Financial support for exporters



There is a special financial support targeted specifically at exporters.  This is in addition to the package of government-backed and guaranteed loans and other measures designed to support businesses coping with the financial effects of Coronavirus (COVID-19).

UK Export Finance (UKEF) is the export credit agency and a ministerial department of the UK government. The UKEF helps UK companies by providing insurance to exporters and guarantees to banks to share the risks of providing export finance. In addition, it can make loans to overseas buyers of goods and services from the UK that can protect UK exporters facing delayed payments or transit restrictions.

At this crucial time, the following help may be available from UKEF:

  • If your business is facing disruption due to late payments, UKEF can help ease cash flow constraints by guaranteeing bank loans through its Export Working Capital Scheme
  • If you are concerned about getting paid, UKEF offers an export insurance policy that can help you recover the costs of fulfilling an order that is terminated by events outside your control
  • UKEF can also support finance for overseas buyers through the Direct Lending Facility scheme, so they can continue to buy your goods and services
  • UKEF has over £4 billion of capacity to support UK firms exporting to China, as well as significant capacity across other markets affected by Coronavirus (COVID-19) to help cover these risks.


Foreign currency considerations



There are special rules that must be considered when buying and selling assets in foreign currency. This is sometimes known as a barter transaction. As a general rule when a foreign currency transaction takes place at arm’s length, the value of the consideration is the sterling equivalent of the amount paid for the asset at the date of acquisition and / or disposal.

HMRC provides the following explanatory example where US shares are bought for US dollars in a bargain at arm’s length for full consideration:

  • the acquisition cost of the shares is the sterling equivalent of the dollars given at the exchange rate in force at the date of acquisition of the shares;
  • the consideration for disposal of the dollars is the sterling value of the shares received in exchange.

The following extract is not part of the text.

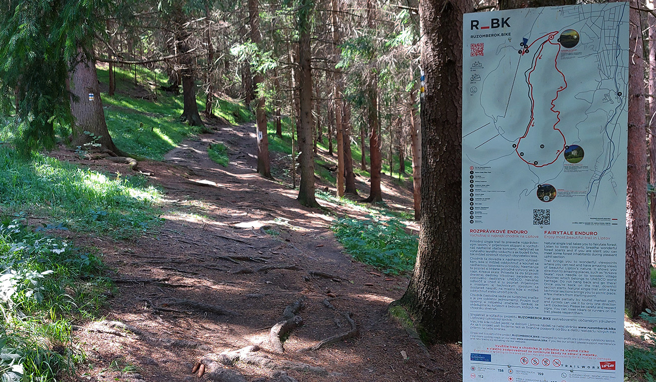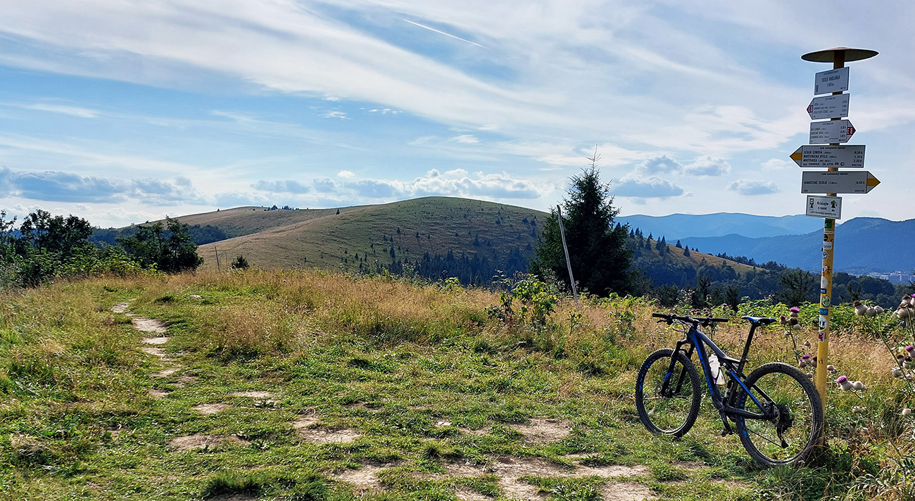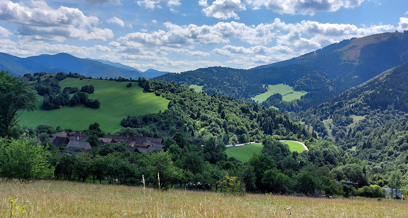 Možností je tam plno. Vybral som si krásny, aj keď trochu technickejší (lebo korene) výjazd popod Sidorovo až nad Vlkolínec, po singlíku „Rozprávkového endura“. Inak je to prednostne turistická značka, tak to chce vzájomný rešpekt. Hore na Vlkolínskych lúkach krásny výhľad: za mnou Haliny, predo mnou v diaľke Kozí chrbát a Prašivá, popod ktoré som dúfal ku koncu šliapať. Dole Vlkolínec, kam som zišiel radšej bočnou cestou, mimo značky. Tá je rozbitejšia a aj plná ľudí, zavadzal by som.

HMRC supported by case law, will not accept that the gain or loss on an asset acquired and disposed of for foreign currency should itself be computed in foreign currency, and then converted into sterling at the rate ruling at the time of the disposal of the asset. These rules can create unusual scenarios where a profit or loss in a foreign currency transaction due to currency movements, can create a significantly different outcome when the values are converted to sterling.